Por outro lado, existem outras variáveis significativas para o bem estar emocional dos jovens que se repercutem na forma como estes lidam com as barreiras. A auto-estima, tal como será descrito mais adiante, representa um indicador da qualidade relacional nos primeiros tempos de vida, já que a consideração positiva de si, fruto das relações próximas e responsivas dos pais, potenciam jovens mais confiantes e, por isso, mais capazes de se voltar para o exterior, experimentar ou pedir ajuda, desenvolvendo um coping activo. Muitas hipóteses são levantadas admitindo que uma elevada auto-estima opera como uma espécie de fonte capaz de fazer com que haja um menor sofrimento ou uma recuperação mais rápida face a estes eventos (e.g. Arndt & Goldenberg, 2002). De acordo com esta perspectiva, quando existem elevados níveis de stress, os jovens com elevada auto-estima apresentam maior disponibilidade para procurar e gerir estratégias com vista à resolução das dificuldades. Facilmente se percebe que a auto-estima está largamente associada à segurança que os jovens parecem trazer da qualidade das suas ligações, mostrando uma relação estreita com o desenvolvimento de competências de coping, especialmente estratégias de coping adaptativo.

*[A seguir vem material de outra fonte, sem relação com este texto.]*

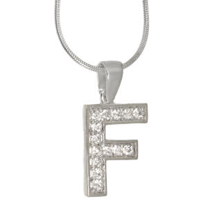 Anhänger aus 925 Sterling Silber mit dem Buchstaben F. Der Anhänger ist mit kleinen klaren Zirkonien besetzt. Oben an dem Anhänger befindet sich eine Öse für die Kette. Der Anhänger wird OHNE Kette geliefert. Die Lieferung erfolgt innerhalb eines Werktages und der Anhänger ist in einem Schmucksäckchen verpackt.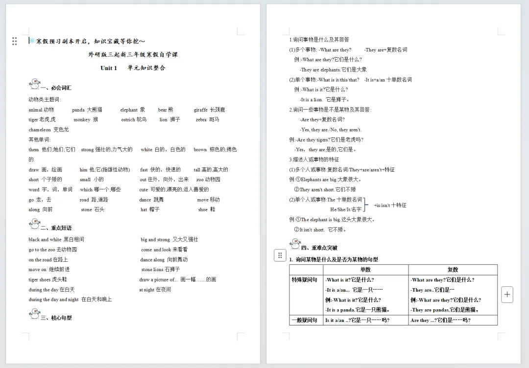 最新小学英语外版版寒假衔接讲义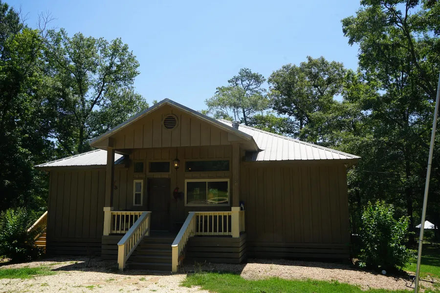 This property features a beautiful 2-bedroom board and batten siding home with heart pine floors and new tile in the kitchen. The house has a large covered porch overlooking a 3-acre lake and a large open deck for grilling.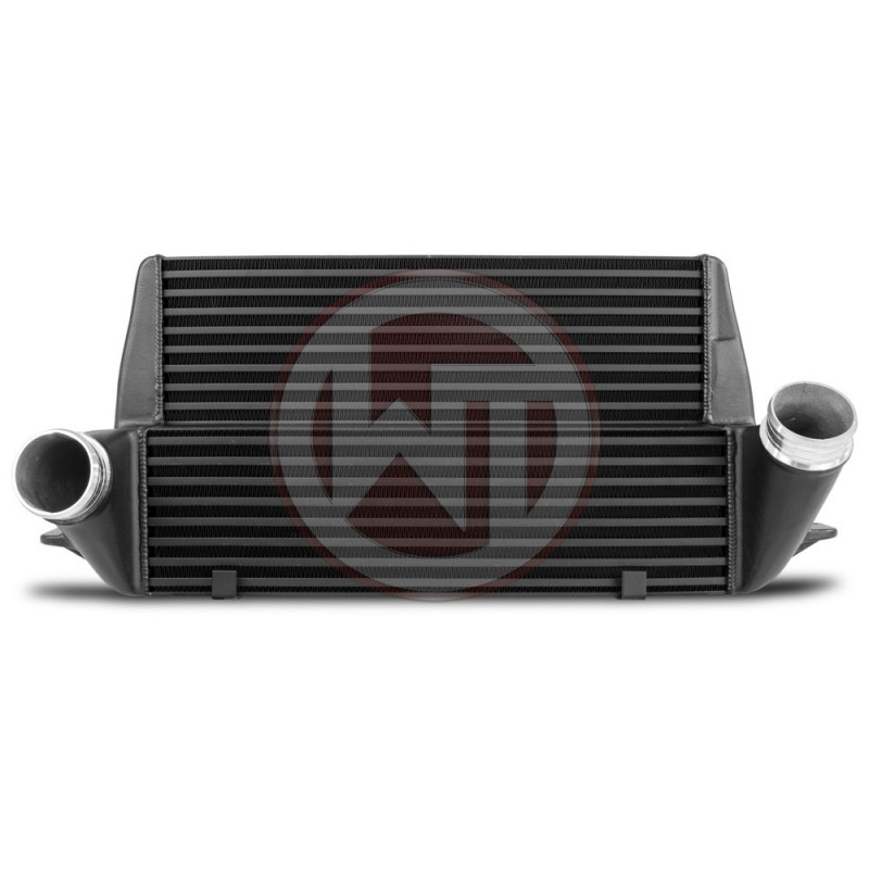 The BMW Comp. Intercooler EVO III has the following core dimensions (510mm x 303mm x 180mm / stepped, 20,65L)(20Inch x 11,9Inch x 7,09Inch / stepped, 1260,14Inch³) . The high Perf. intercooler core provides a 162% larger frontal area and 182% more volume compared to the stock mounted intercooler. Ourers have increased the intercooler core size and efficiency, as well as improved the endtank design to remove any OEM bottlenecks, resulting in increased flow rating and charge cooling properties. We use our award winning WAGNERTUNING Comp. Intercooler Core which is made specifically this application. Constructed of the highest quality Tube Fin intercooler cores z inside turbulators combined z cast aluminum endtanks optimized by CFD best possible internal airflow. The stock click connections have been eleminated and increased to a connection diameter of Ø70mm/2,756Inch ( In- and Outlet, so this comes z reinforced silicone hoses. The result is excellent cooling properties and a lot less pressure drop then the stock intercooler. Despite of it´s size the weight of the complete intercooler is only 13,2kg. This Intercooler is the best choice when it comes to Perf. gains and low intake temperatures and also the right thing racing. All of our intercooler use an anti corrosion protective powłoka z perfect thermal heat dissapating character. Optimal cooling z clearly more power. is ready installation, 100% perfect fit. Easy installation, only some little adjustments at the plastic cooler support are necessary. All of our products undergo rigorous quality control.
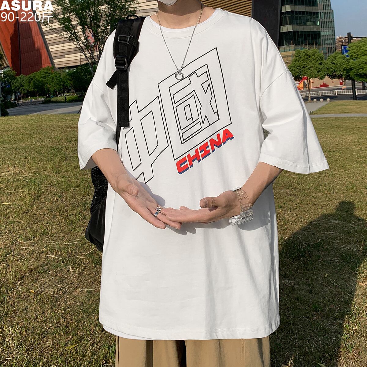Tシャツ ルーズサマーカジュアル コットン 大きめサイズ 夏物 ASURAプラスサイズメンズ33065526005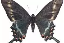 绿带翠凤蝶,又名深山凤蝶,为凤蝶科凤蝶属下的一种。分布于韩国、日本、中国台湾、中国大陆等地。翅黑色,满布金绿色鳞片。前翅亚缘具黄绿色横带纹。后翅外缘有6个略呈新月形的红斑,…全部>>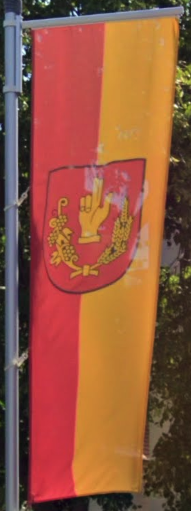 The coat of arms depicts the hand of oath. It dates back to the time when peasants were required to swear an oath of loyalty and proper stewardship to the landowners.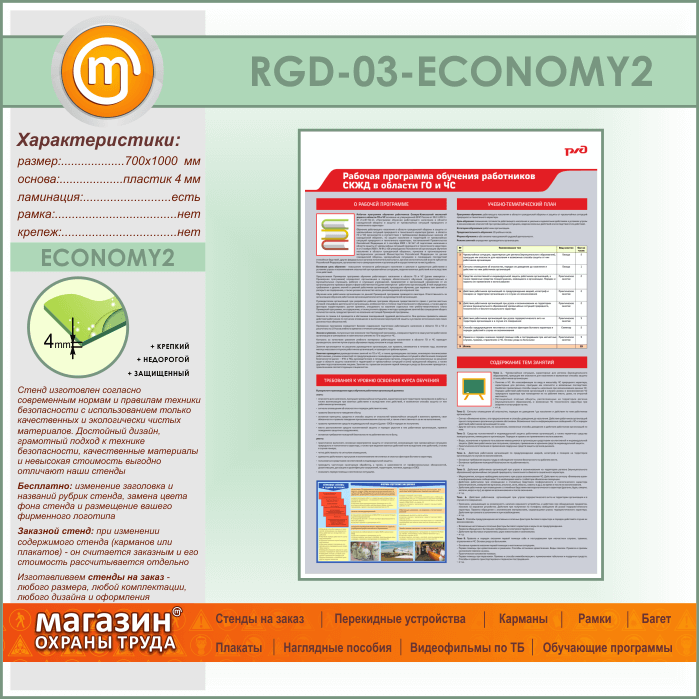 Стенд «Рабочая программа обучения работников СКЖД в области ГО и ЧС» (RGD-03-ECONOMY2) в Улан-Удэ купить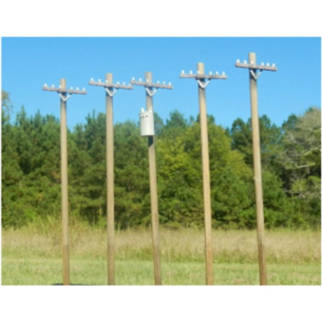 No, these aren’t real power poles, but they look like it! This is our HO Scale Power Pole Set. The kit includes 5 natural poles that come already painted depicting weather-stained, pressure treated wood. Showcase Miniatures HO Scale 40ft Power Pole Set
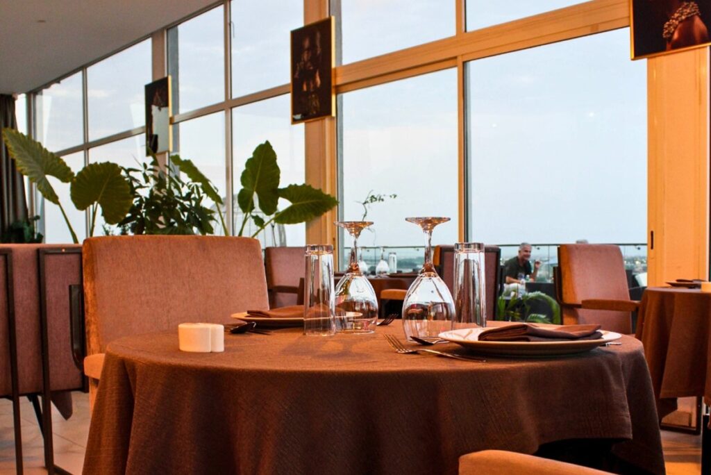À notre arrivée, alors que nous étions à l’extérieur, on nous a fait comprendre que le dîner se faisait uniquement à l’intérieur. Nous avons accepté sans discuter, en précisant que nous dînerions d’abord avant de ressortir profiter de la vue.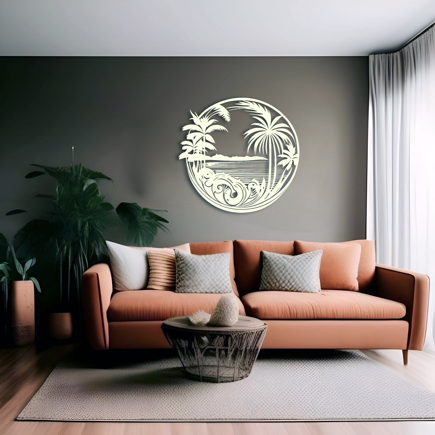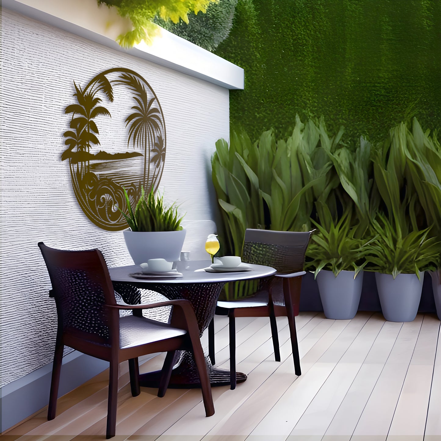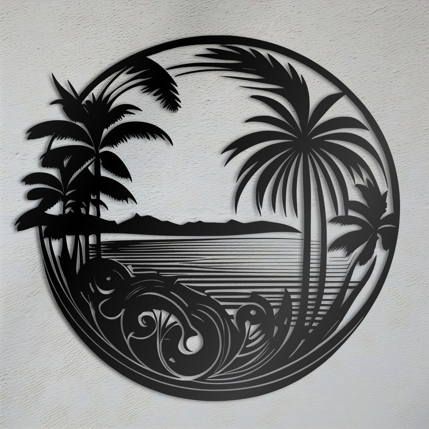 Bring a touch of the tropics to your home with our "Tropical Delight Metal Wall Decor". Featuring an intricate design of tropical trees and palms, this metal wall art piece is sure to create a relaxing and serene atmosphere in any room. Made from high-quality metal, it is durable and suitable for both indoor and outdoor use. Add a splash of color and a touch of nature to your decor with this stunning wall art.

Estudos realizados por Dell’Aglio e Hurtz (2002) revelam a interacção entre os participantes e o evento stressor (pares ou figuras de autoridade), portanto entre o tipo de relação mantida pelo adolescente e o evento, tendo sido encontradas relações significativas entre o tipo de interacção e as estratégias de coping utilizadas. Em eventos cujos

intervenientes eram adultos, os jovens denotaram, na sua maioria, estratégias de aceitação e expressão emocional, enquanto que nos eventos com os pares (irmãos e colegas), as estratégias revelaram mais acção agressiva e maior procura de apoio. Destacamos que o uso de agressividade é um modelo frequente utilizado na resolução das dificuldades. Estas condutas podem ser encaradas como estratégias de sobrevivência, adaptação ao grupo ou ascensão social para os adolescentes (Meneghel, Giugliano & Falceto, 1998). Muitos estudos demonstram que adolescentes percebidos como agressivos são mais populares face a adolescentes tidos como “bons”, com sucesso académico e sensíveis às necessidades dos demais, frequentemente rotulados como efeminados, experimentando uma grande perda de popularidade (Rodkin, Farmer, Pearl & Acker, 2000). Por outro lado, o facto dos adolescentes exibirem estratégias de evitamento para com os adultos é extremamente relevante, já que os jovens em algumas das suas relações parecem perceber os eventos de forma incontornável, com menor margem de acção, menos disposição para o diálogo e negociação.

Estes resultados foram também apoiados por outros investigadores (Lisboa, Koller, Ribas, Bitencourt, Oliveira, Porciuncula & De Marchi, 2002) cujos estudos associaram as estratégias de coping e os stressores dos jovens com os colegas e professores. Os resultados revelaram que a estratégia mais usada com os colegas foi a procura de apoio dos pais, irmãos mais velhos, primos, professores, direcção da escola, etc; enquanto que a estratégia usada para lidar com dificuldades com os adultos foi o “não fazer nada”, entendido pela percepção das consequências negativas dos seus procedimentos e o sentimento de ausência de negociação. Nesta medida, e ao encontro do que referimos anteriormente, o coping nos jovens deve também ser entendido como situacional para além de disposicional, dando importância às características da situação stressora em paralelo às características pessoais (Dell’Agio, 2000).

Posto isto, o coping à luz da perspectiva situacional e pessoal deve ser encarado como um processo cognitivo que se modifica em função do tempo, das características e estilos pessoais e da situação de stress na qual o adolescente se encontra envolvido. As reacções ou o tipo de estratégias de coping utilizadas dependem das exigências objectivas, das avaliações subjectivas e da interacção do adolescente na sua esfera emocional e ambiental. A eficácia e a adaptabilidade das estratégias de coping são determinadas de acordo com a pessoa, as suas relações, a situação, o tempo e os resultados da resposta (Beresford, 1994).